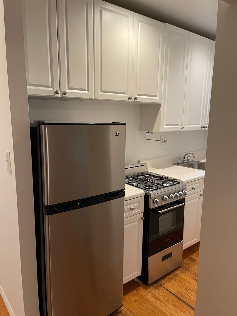 Spacious one-bedroom between 1st & York Avenues.  Finished floors & high ceilings throughout.  White full-service kitchen with NEW STAINLESS STEEL APPLIANCES that were just installed. Windows throughout.  Great closet space.  Live-in super.  Near E. 77th St. for #6 train, Q Train, Lenox Hill hospital, shopping & entertainment.
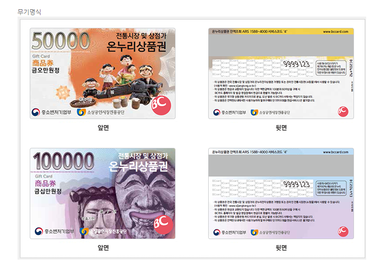 목적으로 2009년도에 만들어서 사용되고 있는 상품권입니다.
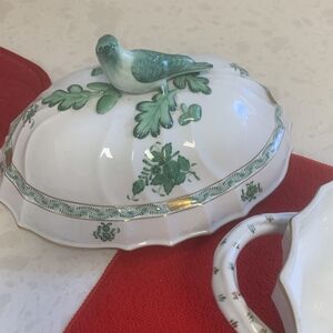 Elegant white Herend serving tureen/bowl with green hand painted delicate design.
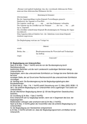 die beglaubigt werden soll, anzubringen ist, und welchen Inhalt er haben muss. Für den Beglaubigungsvermerk wird das folgende Muster empfohlen: Besteht das unterzeichnete Schriftstück aus mehreren Blättern, so sind diese so miteinander zu verbinden, dass ihre Trennung ohne merkbare Beschädigung nicht möglich ist; die Verbindungsstellen sind zu siegeln. § 34 VwVfG gilt nicht für die Beglaubigung von Unterschriften, die in amtlicher Eigenschaft geleistet werden. Rechtsbehelfsbelehrung und Benennung des zuständigen Gerichtes GO - BMWi 3.8 Nach § 59 der Verwaltungsgerichtsordnung (VwGO) ist eine Rechtsbehelfsbelehrung zu erteilen, wenn eine Bundesbehörde einen schriftlichen Verwaltungsakt erlässt, der der Anfechtung unterliegt. Verwaltungsakte des BMWi müssen mit einer Rechtsbehelfsbelehrung verbunden werden. Bisher enthielt diese den Hinweis, dass der Rechtsbehelf "schriftlich oder zur Niederschrift des Urkundsbeamten der Geschäftsstelle" des Verwaltungsgerichts eingelegt werden könne, sowie zusätzliche Hinweise zur Form der Einreichung (z.B. den Hinweis auf "Abschriften").
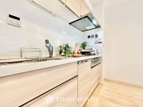 ◆キッチン◆美しく使いやすいキッチンは油汚れが簡単に拭き取れる素材で加工されており、浄水器シャワーから流す水の音を軽減する静かなシンクを採用。見えないところにさり気ない配慮が嬉しいですね
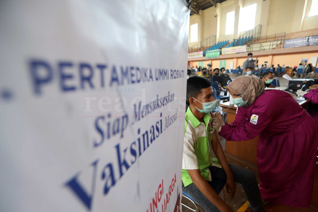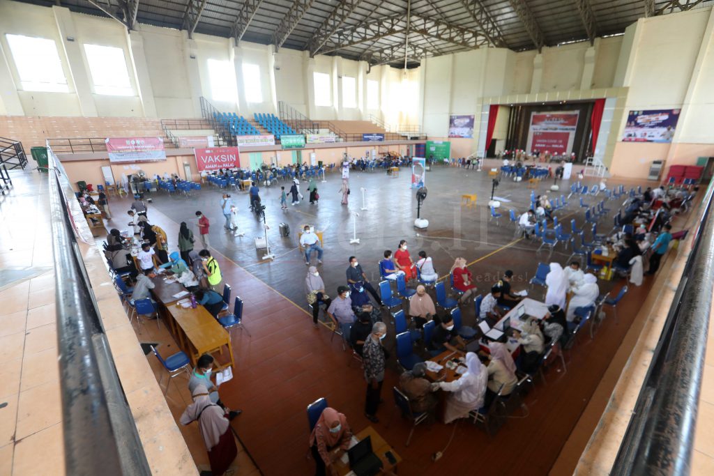 Petugas kesehatan sedang melakukan vaksinasi bagi masyarakat umum saat pelaksanaan vaksinasi massal di stadion Harapan Bangsa, Banda Aceh, Indonesia, 28 Juni 2021. Pemerintah Indonesia mempercepat program vaksinasi masyarakat umum dengan target 1 juta vaksinasi per hari.
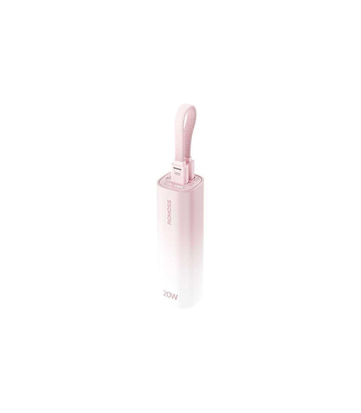 The Romoss PSC05P mini powerbank combines compact design with elegant aesthetics. Its pink casing with a subtle gradient evokes the bloom of a cherry garden, and its small size - comparable to a bottle of foundation - means it will easily fit in a pocket, purse or even next to your keys. It's the perfect choice for those who value mobility and style and need a reliable source of energy throughout the day.
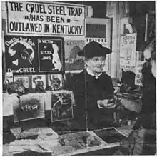 To pass the League's bill it would abolish trapping entirely but the legislators were unwilling to do this.[1] Furman received help from Vernon Bailey who had patented a humane animal trap. The trap known as a "Verbail trap" did not have steel jaws but a chain circle which contracted around the animal's foreleg.[1] Furman became a supporter of Bailey's humane trap and convinced the Animal Trap Company of America to manufacture the device.[1] The bill passed and took effect in 1940.[9] The Anti-Steel Trap League compromised on its early position and in the end did not oppose trapping or animal killing, it wanted it done humanely with the least amount of pain.[1]

• • • • •

> PROBLEM REQUIREMENTS:
Among the lines above, the one with "Elegant white Herend" opens the part to repeat and the one with "The Romoss PSC05P" closes it; repeat only that part exactly, with no pictures.

> TASK RESPONSE:
 Elegant white Herend serving tureen/bowl with green hand painted delicate design.
 die beglaubigt werden soll, anzubringen ist, und welchen Inhalt er haben muss. Für den Beglaubigungsvermerk wird das folgende Muster empfohlen: Besteht das unterzeichnete Schriftstück aus mehreren Blättern, so sind diese so miteinander zu verbinden, dass ihre Trennung ohne merkbare Beschädigung nicht möglich ist; die Verbindungsstellen sind zu siegeln. § 34 VwVfG gilt nicht für die Beglaubigung von Unterschriften, die in amtlicher Eigenschaft geleistet werden. Rechtsbehelfsbelehrung und Benennung des zuständigen Gerichtes GO - BMWi 3.8 Nach § 59 der Verwaltungsgerichtsordnung (VwGO) ist eine Rechtsbehelfsbelehrung zu erteilen, wenn eine Bundesbehörde einen schriftlichen Verwaltungsakt erlässt, der der Anfechtung unterliegt. Verwaltungsakte des BMWi müssen mit einer Rechtsbehelfsbelehrung verbunden werden. Bisher enthielt diese den Hinweis, dass der Rechtsbehelf "schriftlich oder zur Niederschrift des Urkundsbeamten der Geschäftsstelle" des Verwaltungsgerichts eingelegt werden könne, sowie zusätzliche Hinweise zur Form der Einreichung (z.B. den Hinweis auf "Abschriften").
 ◆キッチン◆美しく使いやすいキッチンは油汚れが簡単に拭き取れる素材で加工されており、浄水器シャワーから流す水の音を軽減する静かなシンクを採用。見えないところにさり気ない配慮が嬉しいですね
 Petugas kesehatan sedang melakukan vaksinasi bagi masyarakat umum saat pelaksanaan vaksinasi massal di stadion Harapan Bangsa, Banda Aceh, Indonesia, 28 Juni 2021. Pemerintah Indonesia mempercepat program vaksinasi masyarakat umum dengan target 1 juta vaksinasi per hari.
 The Romoss PSC05P mini powerbank combines compact design with elegant aesthetics. Its pink casing with a subtle gradient evokes the bloom of a cherry garden, and its small size - comparable to a bottle of foundation - means it will easily fit in a pocket, purse or even next to your keys. It's the perfect choice for those who value mobility and style and need a reliable source of energy throughout the day.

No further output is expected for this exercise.